§ **WHAT NEEDS TO BE DONE**
All of the records below should be retyped exactly, with no pictures included.

Stored data entries
Content starts

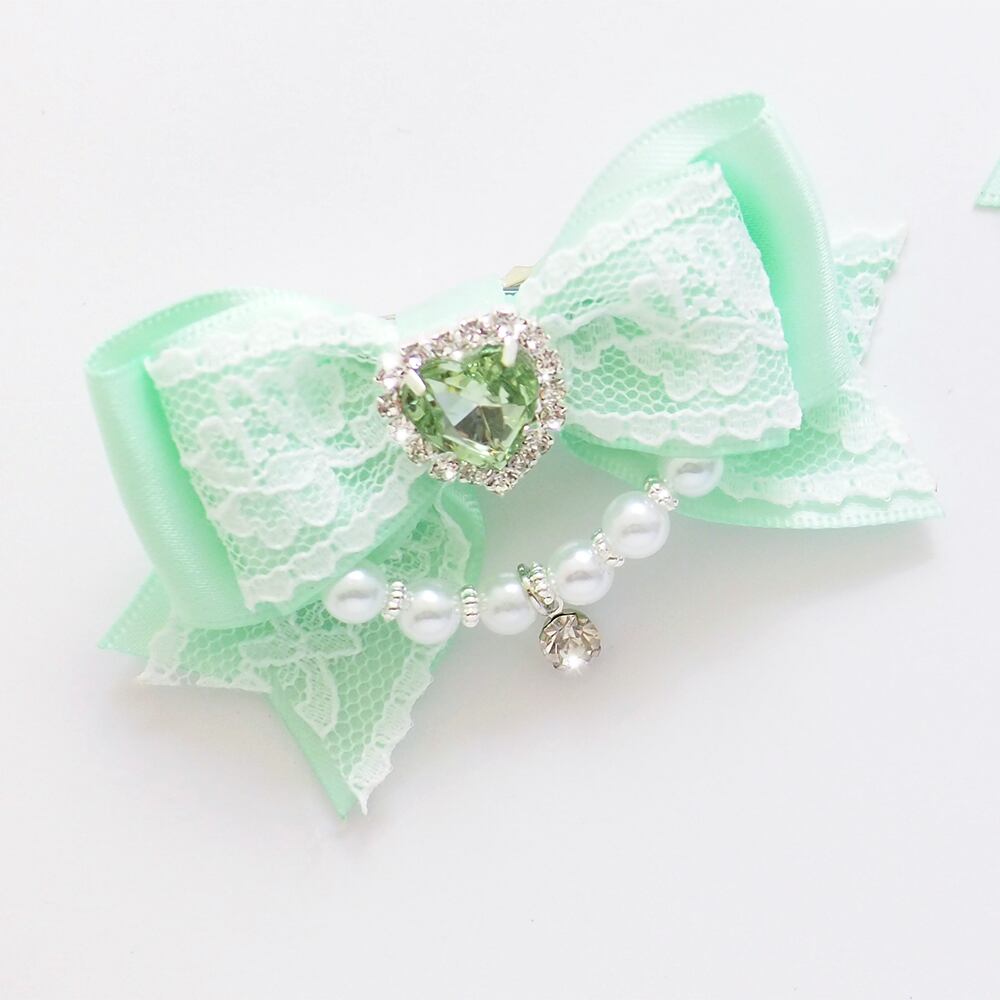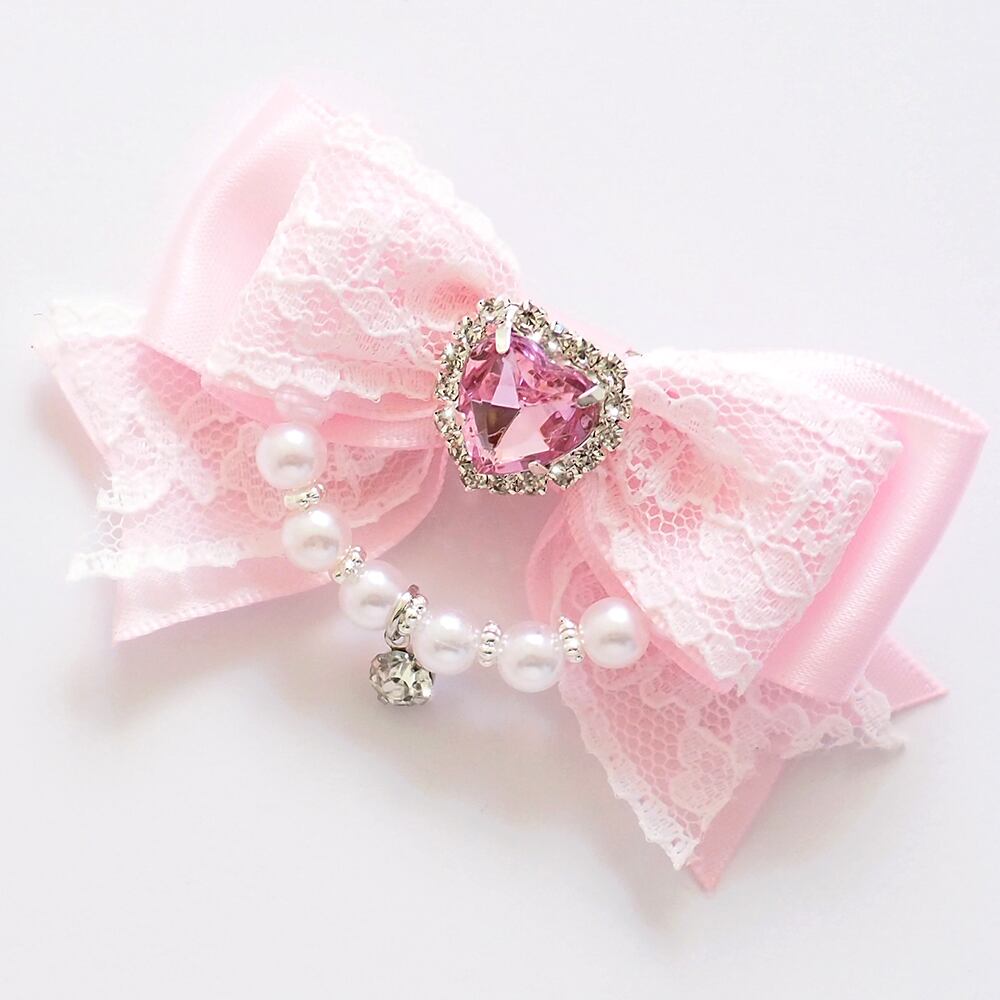 レースを重ねたサテンリボンにラインストーンチャームをあしらったヘアクリップです。
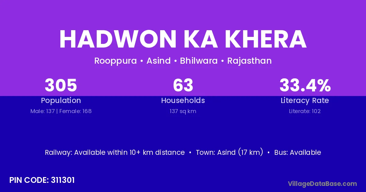 Asind (17 km) is the nearest town to Hadwon Ka Khera village for major economic activities and is located approximately 17 km away.
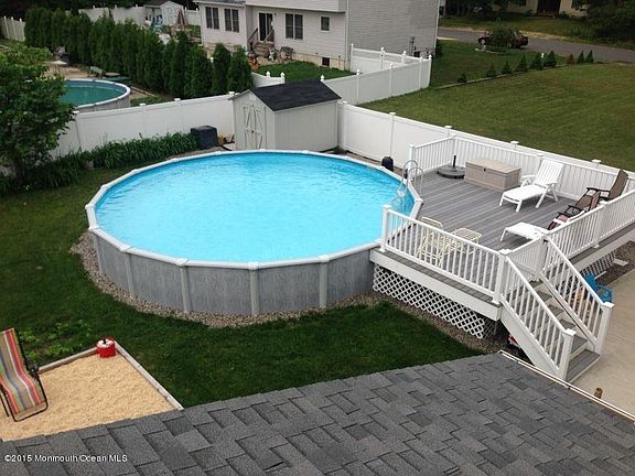 Great home in a great area of Bayville. THREE Bedroom (One being used as a playroom) TWO Bath Ranch with features galore! FULL FINISHED BASEMENT, ABOVE GROUND POOL WITH CUSTOM DECK, FULLY VINYL FENCED YARD,Screened Porch, Front Patio, New Kitchen, and Newer Heating System. Vaulted ceiling in granite kitchen with skylight, hardwood floors in dining room and living room. Sliders lead to huge screened in porch that overlooks expansive yard (100x175) that has pool, play, and garden areas. Priced to sell, so hurry and call a REALTOR today!
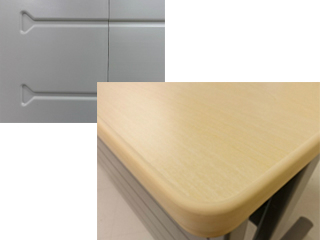 - あり黄ばみ・変色が広い範囲にうっすらある、または濃い黄ばみ・変色が一部ある。(例、天板、幕板、棚板、サイド部分、脚部等にある。)
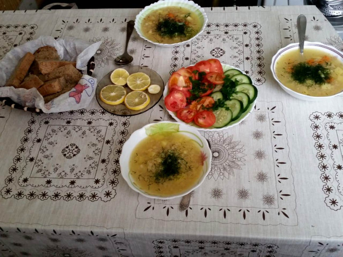 Семья Тлеубаевых совмещает обед и ужин. После 16.00 "едят" только воду, максимум с добавлением лимонного сока. В качестве перекуса могут быть фрукты. Но это касается только взрослых членов семьи. Веганы очень бережно относятся к воде - не льют попусту, во время мытья посуды включают тонкой струйкой. Динара Тлеубаева уверена, что экономить можно при любом достатке.
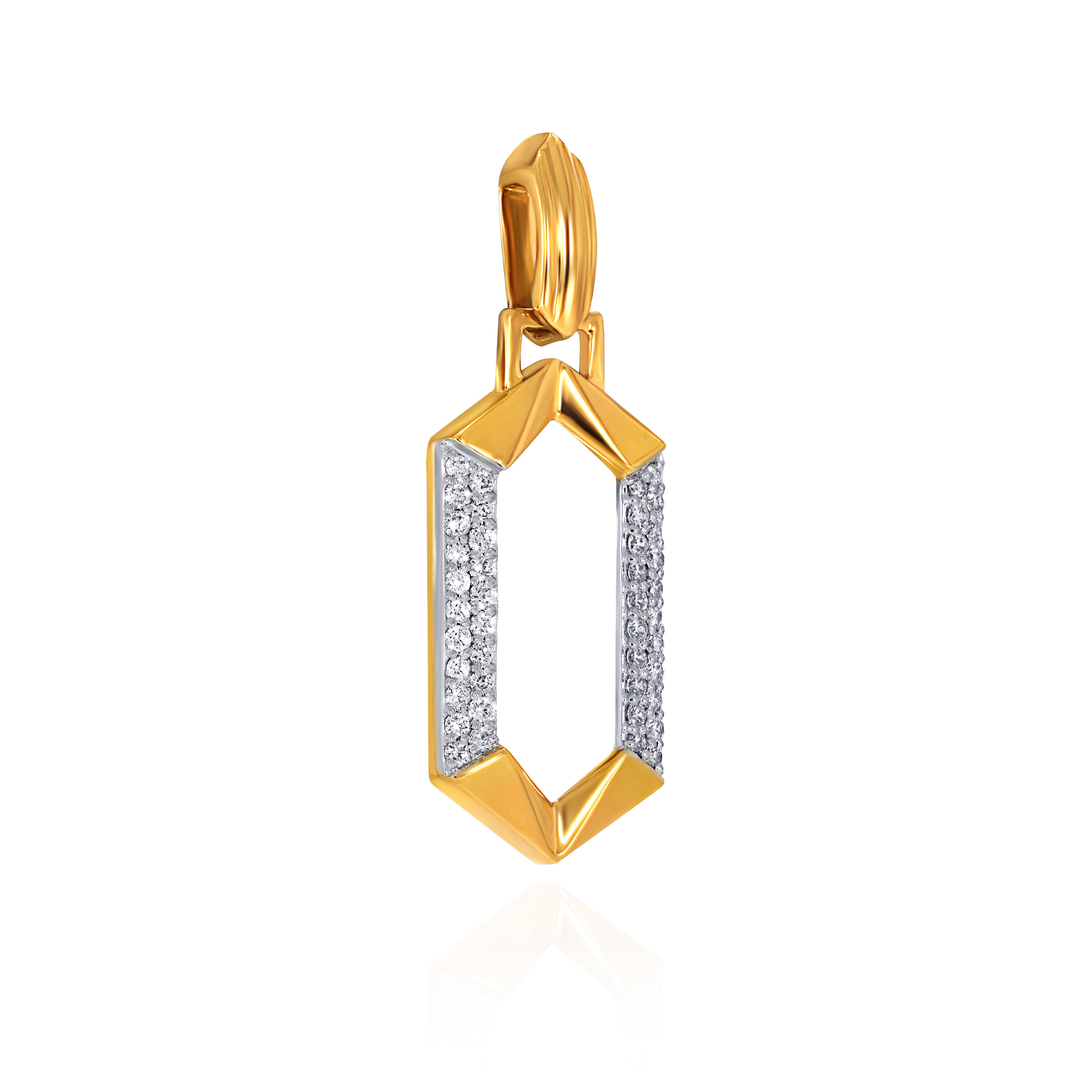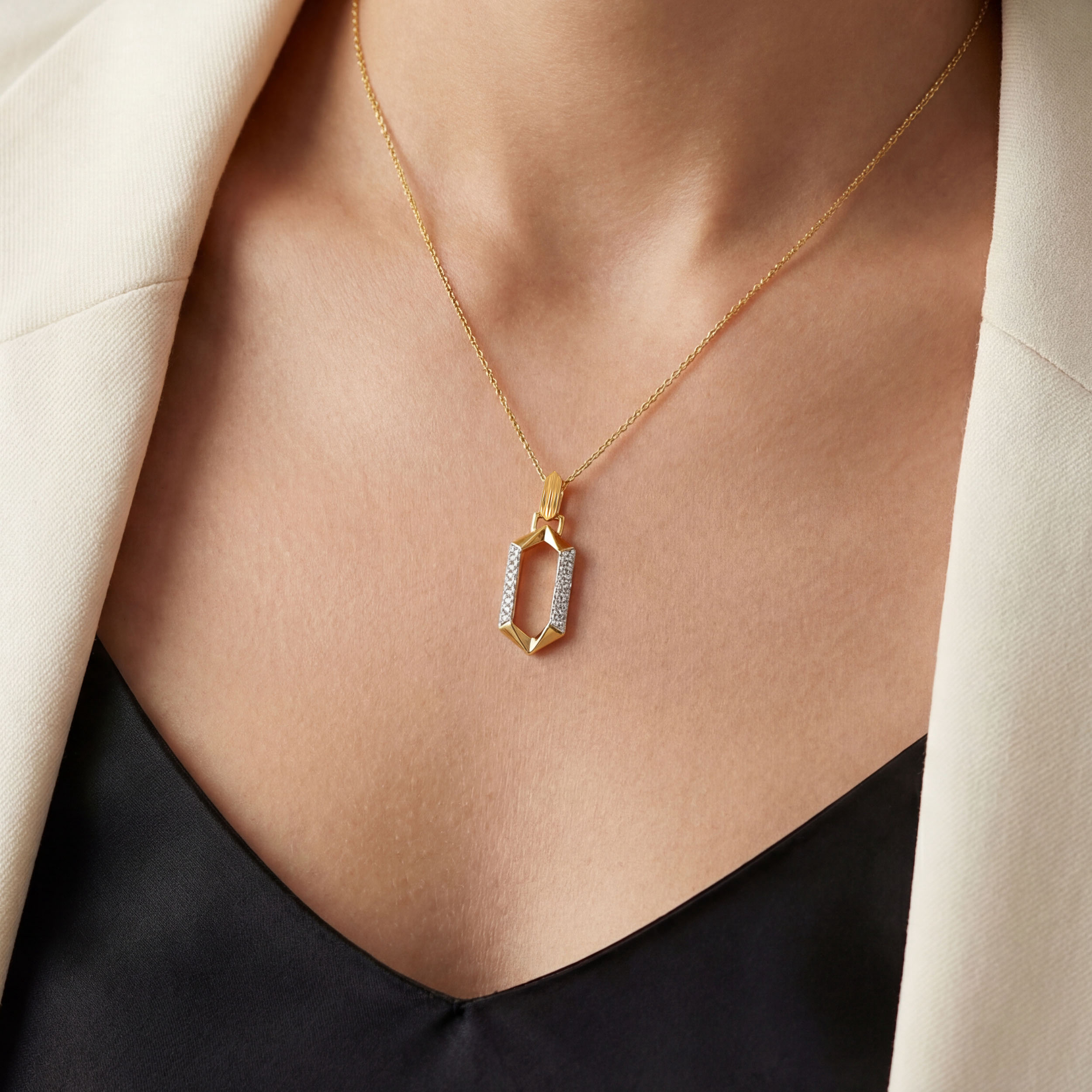 A striking play of symmetry and light. This geometric diamond pendant pairs sculpted gold with radiant diamond accents, creating a modern piece that feels both architectural and effortlessly elegant.
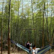 5分 超棒我们是天气有点热的时候去的,沿着山路上去,都是竹林,竹林丛中气温下降不少,从门口进去就能看到很多吊床,贪玩的我还在那儿逗留了一会,走进去里面陆续也能发现吊床,还有秋千。里面有两个收费项目,我是买门票的时候带进的,价格划算一点。单买的价格我也忘记了,两个项目对于我来说不是特别刺激,往里面走,还有一些有趣的项目,是免费玩的。拍拍照片拍拍抖音,走走停停,是个过周末的休闲地方!另外,建议带点小零食,里面好像没找到有买啥吃的的地点。
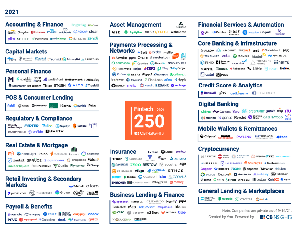 The Fintech 250 is an example of a CB Insights market map, here featuring companies operating in a particular market (fintech) grouped by their area of focus.

Content ends

§ **SOLUTION**
 レースを重ねたサテンリボンにラインストーンチャームをあしらったヘアクリップです。
 Asind (17 km) is the nearest town to Hadwon Ka Khera village for major economic activities and is located approximately 17 km away.
 Great home in a great area of Bayville. THREE Bedroom (One being used as a playroom) TWO Bath Ranch with features galore! FULL FINISHED BASEMENT, ABOVE GROUND POOL WITH CUSTOM DECK, FULLY VINYL FENCED YARD,Screened Porch, Front Patio, New Kitchen, and Newer Heating System. Vaulted ceiling in granite kitchen with skylight, hardwood floors in dining room and living room. Sliders lead to huge screened in porch that overlooks expansive yard (100x175) that has pool, play, and garden areas. Priced to sell, so hurry and call a REALTOR today!
 - あり黄ばみ・変色が広い範囲にうっすらある、または濃い黄ばみ・変色が一部ある。(例、天板、幕板、棚板、サイド部分、脚部等にある。)
 Семья Тлеубаевых совмещает обед и ужин. После 16.00 "едят" только воду, максимум с добавлением лимонного сока. В качестве перекуса могут быть фрукты. Но это касается только взрослых членов семьи. Веганы очень бережно относятся к воде - не льют попусту, во время мытья посуды включают тонкой струйкой. Динара Тлеубаева уверена, что экономить можно при любом достатке.
 A striking play of symmetry and light. This geometric diamond pendant pairs sculpted gold with radiant diamond accents, creating a modern piece that feels both architectural and effortlessly elegant.
 5分 超棒我们是天气有点热的时候去的,沿着山路上去,都是竹林,竹林丛中气温下降不少,从门口进去就能看到很多吊床,贪玩的我还在那儿逗留了一会,走进去里面陆续也能发现吊床,还有秋千。里面有两个收费项目,我是买门票的时候带进的,价格划算一点。单买的价格我也忘记了,两个项目对于我来说不是特别刺激,往里面走,还有一些有趣的项目,是免费玩的。拍拍照片拍拍抖音,走走停停,是个过周末的休闲地方!另外,建议带点小零食,里面好像没找到有买啥吃的的地点。
 The Fintech 250 is an example of a CB Insights market map, here featuring companies operating in a particular market (fintech) grouped by their area of focus.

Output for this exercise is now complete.